Work order >> What is needed is a faithful copy of all the entries, with no pictures in it.

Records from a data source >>
Start of Block
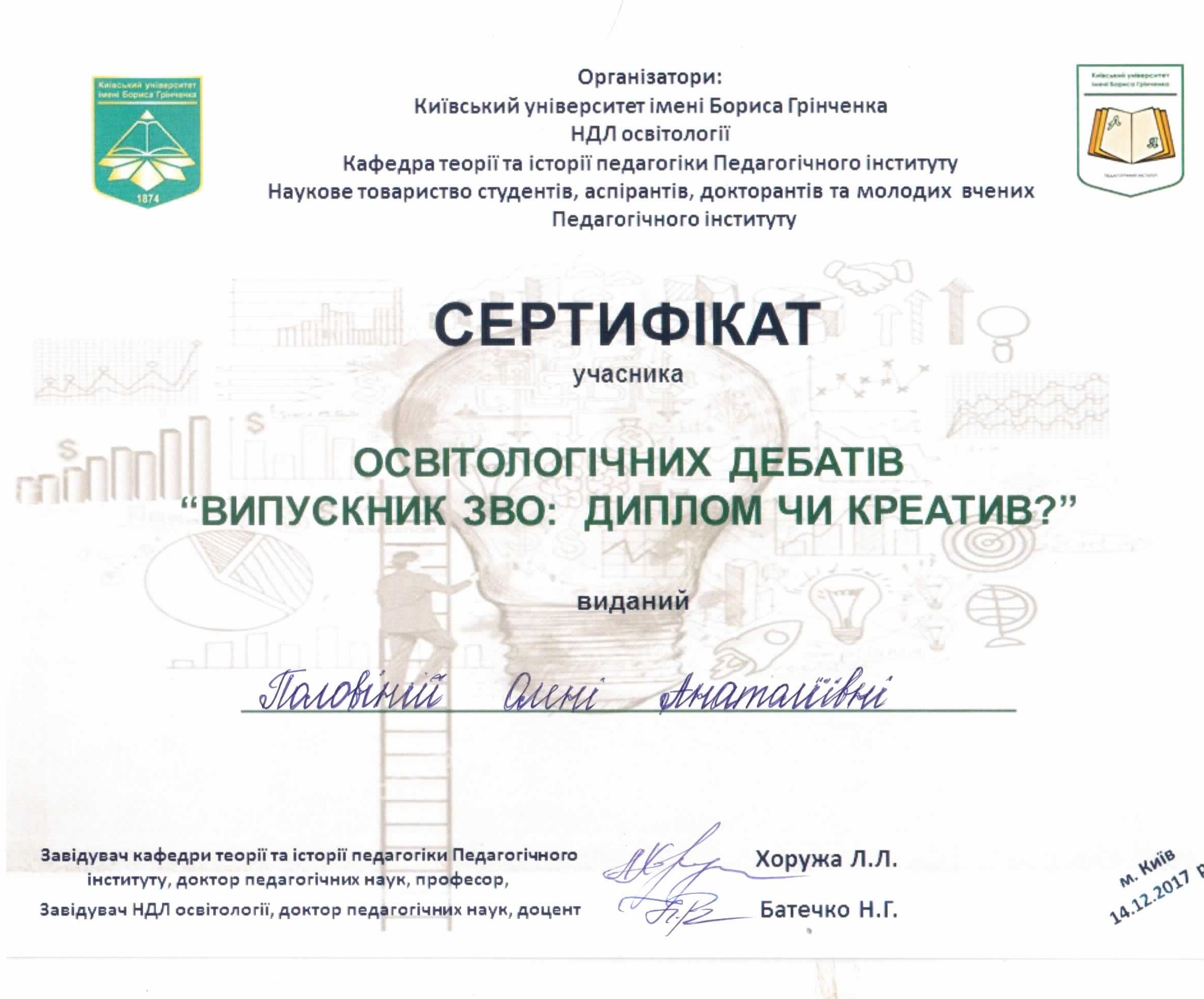 12. Співмодератор дискус-тренінгу «Підготовка дитини до НУШ: ліквідувати не можна змінити» у рамках освітнього заходу «НУШ-ФЕСТ», Київський університет імені Бориса Грінченка 16 листопада 2019 р.
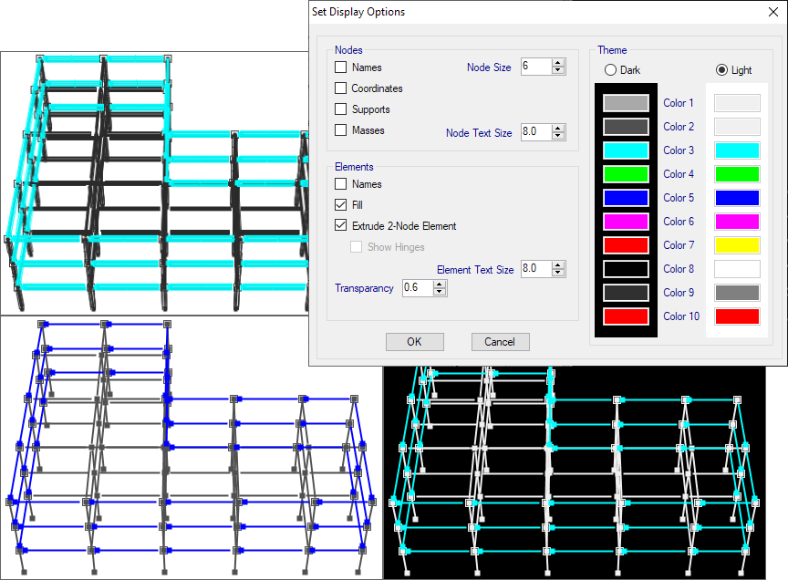 - 新增顯示操作選項:控制顯示對象及文本的大小,選擇顯示或深或淺的顏色主題,切換拉伸視圖,顯示節(jié)點或單元的編號
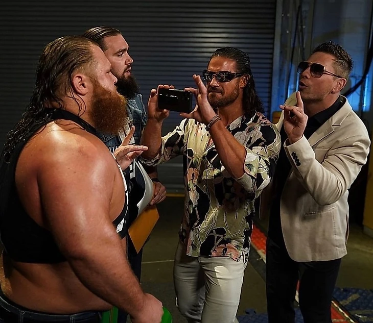 — Нам напомнили о том, как на прошлой неделе Миз и Джон Моррисон говорили об уходе Мэнди Роуз на красный бренд ради блага для Отиса. Крепыш был этим недоволен, а его выходка в сторону голливудских друзей привела к потенциальному судебному процессу. Его целью является прямой шантаж Отиса, чтобы заставить его отдать кейс мирно. Сейчас же за кулисами Кайла Брэкстон говорила с Отисом и Такером на эту тему - Отис говорил о том, как ему советовала когда-то мама, что в это мире нельзя доверять клоунам с карнавалов, 1%-ому молоку и адвокатам. В этот момент вмешались Миз и Джон, они дали понять что готовы лишить Отиса абсолютно всего в судебном процессе и без лишних церемоний. Миз подытожил, что он правильно сделал, отправив Мэнди Роуз на красный бренд - Отис был готов атаковать обоих. И тут Такер, изучив документацию друзей с Голливуда, обратил внимание на одну деталь: в самом судебном иске было отмечено только имя Миза как стороны обвинителя и того, кто должен быть защищён от рук Отиса. Моррисон тут уж своим видом показал недоумение, а Отис кинулся бить Джона. Драка не успела разыграться полностью из-за закулисных работников во главе с Адамом Пирсом (В принципе - почему бы не разыграть кейс на Clash Of Champions в одиночном матче между Отисом и Мизом? Хотя есть вариант с матчем в стальной клетке на Hell In a Cell);
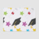 "You did it graduation cap and diploma" is the perfect tissue paper for your graduation gifts. Set upon a white background, this illustration is adorned with black graduation caps with gold tassels, green, purple, blue and yellow stars and a rolled up diploma. Place your order today!
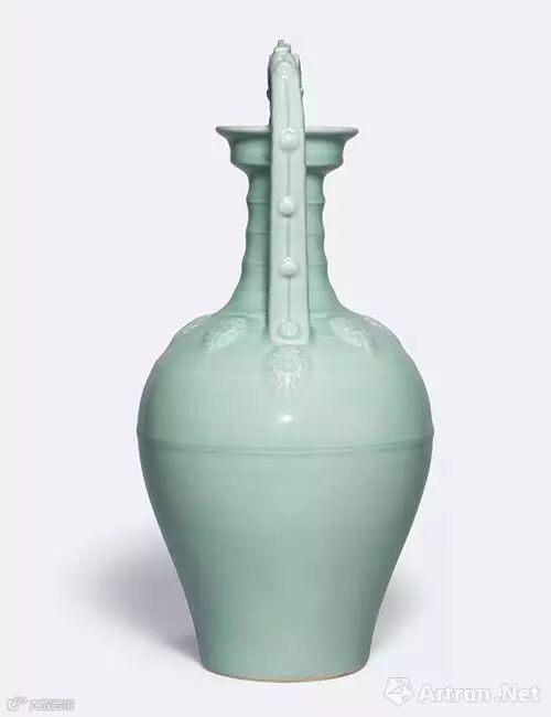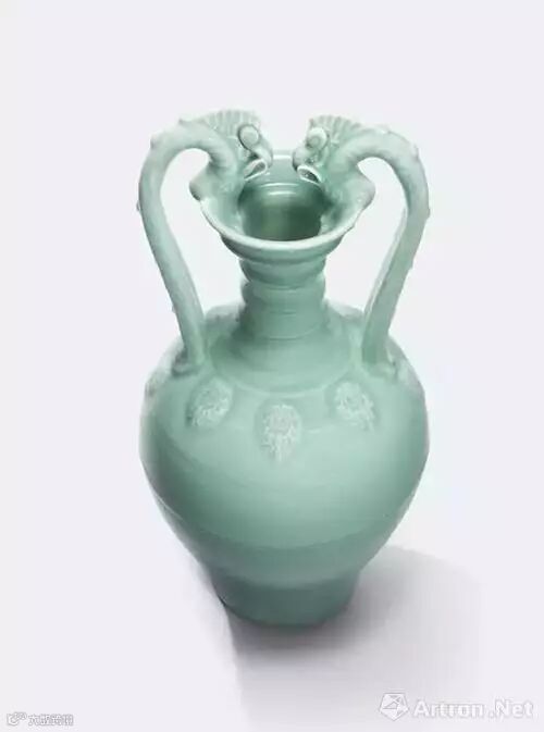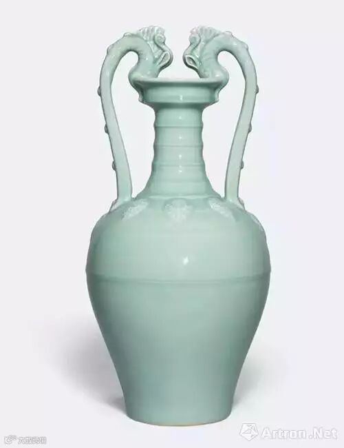 雙龍尊自五代後消失,至清代雍正官窑複現,雍正朝之後除乾隆早期尚有少量燒制外,之後又銷聲匿跡。清朝雍正帝非常重視禦制瓷器,常委託禦窑廠製作仿古式樣,此雙龍尊仿唐朝傳瓶式樣,青翠瑩潤的釉汁則仿照宋代龍泉青瓷。雍正時景德鎮窑廠燒制的雙龍尊分兩種尺寸,第一種較小,約32釐米左右;第二種較大,約52釐米左右,拍品屬較大的一類,而要燒制如此龐大且器形複雜的瓶子難度極高,所以同類傳世品少見。現時傳世的雍正粉青釉雙龍尊只有四件,本拍品是其中之一,亦是屬私人收藏裏唯一品相完美的一件,另外三件分別藏瀋陽故宮博物院、美國克利夫蘭藝術博物館及加州陳氏典藏博物館。
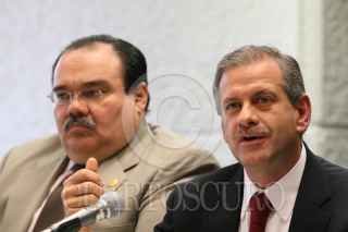 MÉXICO D.F., 20ENERO2011.- Sergio Hidalgo Monroy Potillo, Director General del Servicio de Administración y Enajenación de Bienes, acompañado de Carlos Ramírez Marin, Diputado del PRI, compareció ante las comisiones unidas de Hacienda y Crédito Publico Agricultura y Fomento Comunicaciones y Obra Publicas, esto en las instalaciones de la Cámara de Diputados. FOTO: GUILLERMO PEREA/CUARTOSCURO.COM
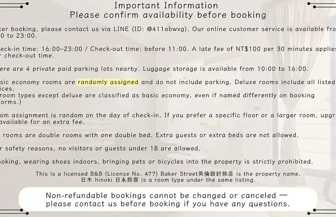 يقع بيت شباب هينوكي مانشين تاينان على بعد حوالي 20 دقيقة مشياً على الأقدام من متنزه تاينان، ويوفّر الواي فاي في جميع أنحاء الملكية وموقف السيارات.
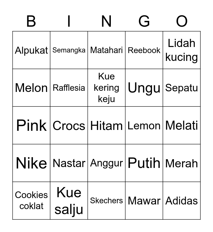 This bingo card has a free space and 24 words: Nastar, Kue salju, Kue kering keju, Cookies coklat, Lidah kucing, Alpukat, Melon, Semangka, Lemon, Anggur, Ungu, Pink, Putih, Merah, Rafflesia, Mawar, Melati, Matahari, Sepatu, Crocs, Adidas, Nike, Reebook and Skechers.
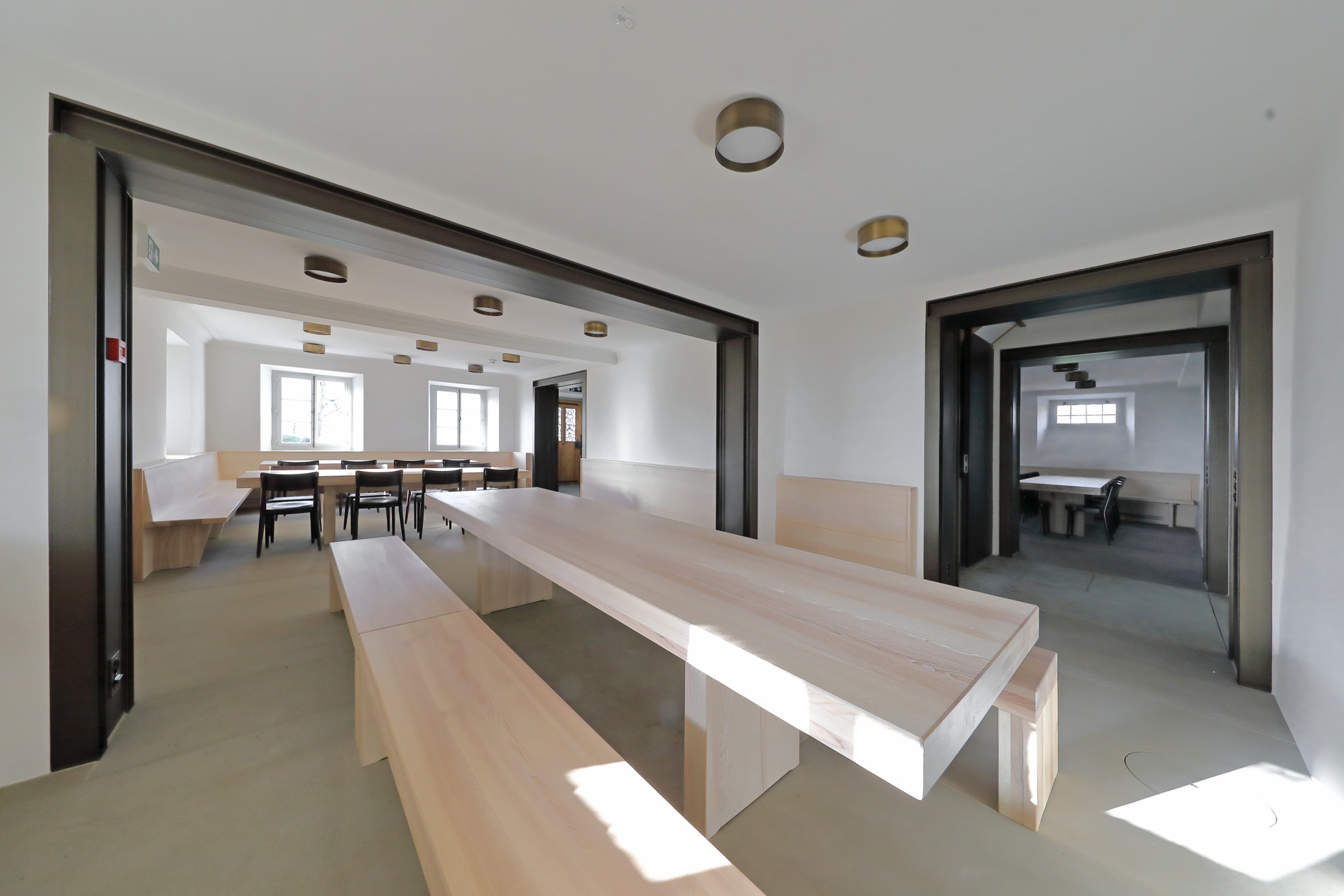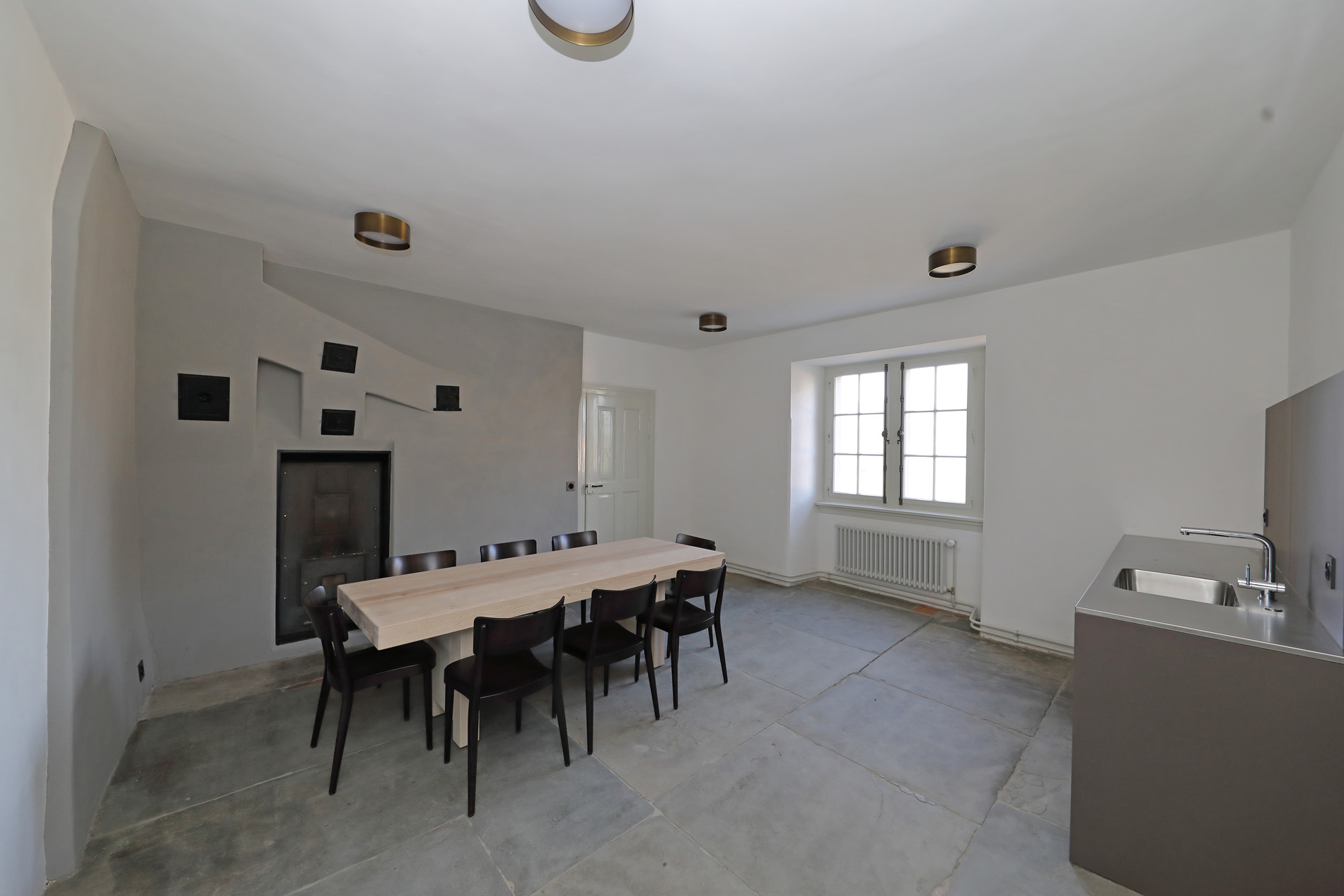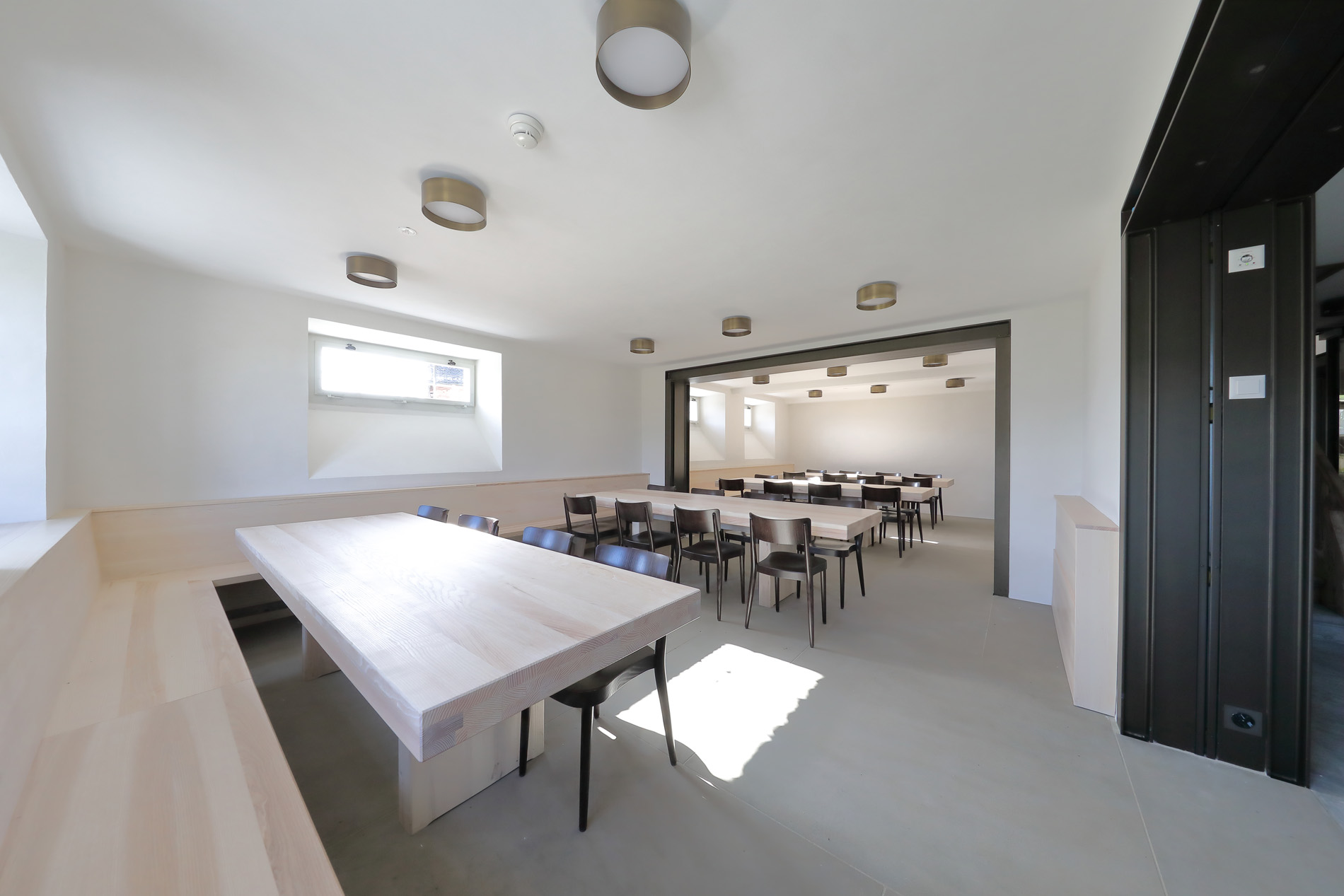The extension from the time of the National Exhibition in 1939 will be used to serve the guesthouse. The restaurant kitchen is on the ground floor, a storage room is in the former hall due to stipulations made by the fire department, and the ventilation station is located in the attic.
End of Block
Task solution >>
 12. Співмодератор дискус-тренінгу «Підготовка дитини до НУШ: ліквідувати не можна змінити» у рамках освітнього заходу «НУШ-ФЕСТ», Київський університет імені Бориса Грінченка 16 листопада 2019 р.
 - 新增顯示操作選項:控制顯示對象及文本的大小,選擇顯示或深或淺的顏色主題,切換拉伸視圖,顯示節(jié)點或單元的編號
 — Нам напомнили о том, как на прошлой неделе Миз и Джон Моррисон говорили об уходе Мэнди Роуз на красный бренд ради блага для Отиса. Крепыш был этим недоволен, а его выходка в сторону голливудских друзей привела к потенциальному судебному процессу. Его целью является прямой шантаж Отиса, чтобы заставить его отдать кейс мирно. Сейчас же за кулисами Кайла Брэкстон говорила с Отисом и Такером на эту тему - Отис говорил о том, как ему советовала когда-то мама, что в это мире нельзя доверять клоунам с карнавалов, 1%-ому молоку и адвокатам. В этот момент вмешались Миз и Джон, они дали понять что готовы лишить Отиса абсолютно всего в судебном процессе и без лишних церемоний. Миз подытожил, что он правильно сделал, отправив Мэнди Роуз на красный бренд - Отис был готов атаковать обоих. И тут Такер, изучив документацию друзей с Голливуда, обратил внимание на одну деталь: в самом судебном иске было отмечено только имя Миза как стороны обвинителя и того, кто должен быть защищён от рук Отиса. Моррисон тут уж своим видом показал недоумение, а Отис кинулся бить Джона. Драка не успела разыграться полностью из-за закулисных работников во главе с Адамом Пирсом (В принципе - почему бы не разыграть кейс на Clash Of Champions в одиночном матче между Отисом и Мизом? Хотя есть вариант с матчем в стальной клетке на Hell In a Cell);
 "You did it graduation cap and diploma" is the perfect tissue paper for your graduation gifts. Set upon a white background, this illustration is adorned with black graduation caps with gold tassels, green, purple, blue and yellow stars and a rolled up diploma. Place your order today!
 雙龍尊自五代後消失,至清代雍正官窑複現,雍正朝之後除乾隆早期尚有少量燒制外,之後又銷聲匿跡。清朝雍正帝非常重視禦制瓷器,常委託禦窑廠製作仿古式樣,此雙龍尊仿唐朝傳瓶式樣,青翠瑩潤的釉汁則仿照宋代龍泉青瓷。雍正時景德鎮窑廠燒制的雙龍尊分兩種尺寸,第一種較小,約32釐米左右;第二種較大,約52釐米左右,拍品屬較大的一類,而要燒制如此龐大且器形複雜的瓶子難度極高,所以同類傳世品少見。現時傳世的雍正粉青釉雙龍尊只有四件,本拍品是其中之一,亦是屬私人收藏裏唯一品相完美的一件,另外三件分別藏瀋陽故宮博物院、美國克利夫蘭藝術博物館及加州陳氏典藏博物館。
 MÉXICO D.F., 20ENERO2011.- Sergio Hidalgo Monroy Potillo, Director General del Servicio de Administración y Enajenación de Bienes, acompañado de Carlos Ramírez Marin, Diputado del PRI, compareció ante las comisiones unidas de Hacienda y Crédito Publico Agricultura y Fomento Comunicaciones y Obra Publicas, esto en las instalaciones de la Cámara de Diputados. FOTO: GUILLERMO PEREA/CUARTOSCURO.COM
 يقع بيت شباب هينوكي مانشين تاينان على بعد حوالي 20 دقيقة مشياً على الأقدام من متنزه تاينان، ويوفّر الواي فاي في جميع أنحاء الملكية وموقف السيارات.
 This bingo card has a free space and 24 words: Nastar, Kue salju, Kue kering keju, Cookies coklat, Lidah kucing, Alpukat, Melon, Semangka, Lemon, Anggur, Ungu, Pink, Putih, Merah, Rafflesia, Mawar, Melati, Matahari, Sepatu, Crocs, Adidas, Nike, Reebook and Skechers.
The extension from the time of the National Exhibition in 1939 will be used to serve the guesthouse. The restaurant kitchen is on the ground floor, a storage room is in the former hall due to stipulations made by the fire department, and the ventilation station is located in the attic.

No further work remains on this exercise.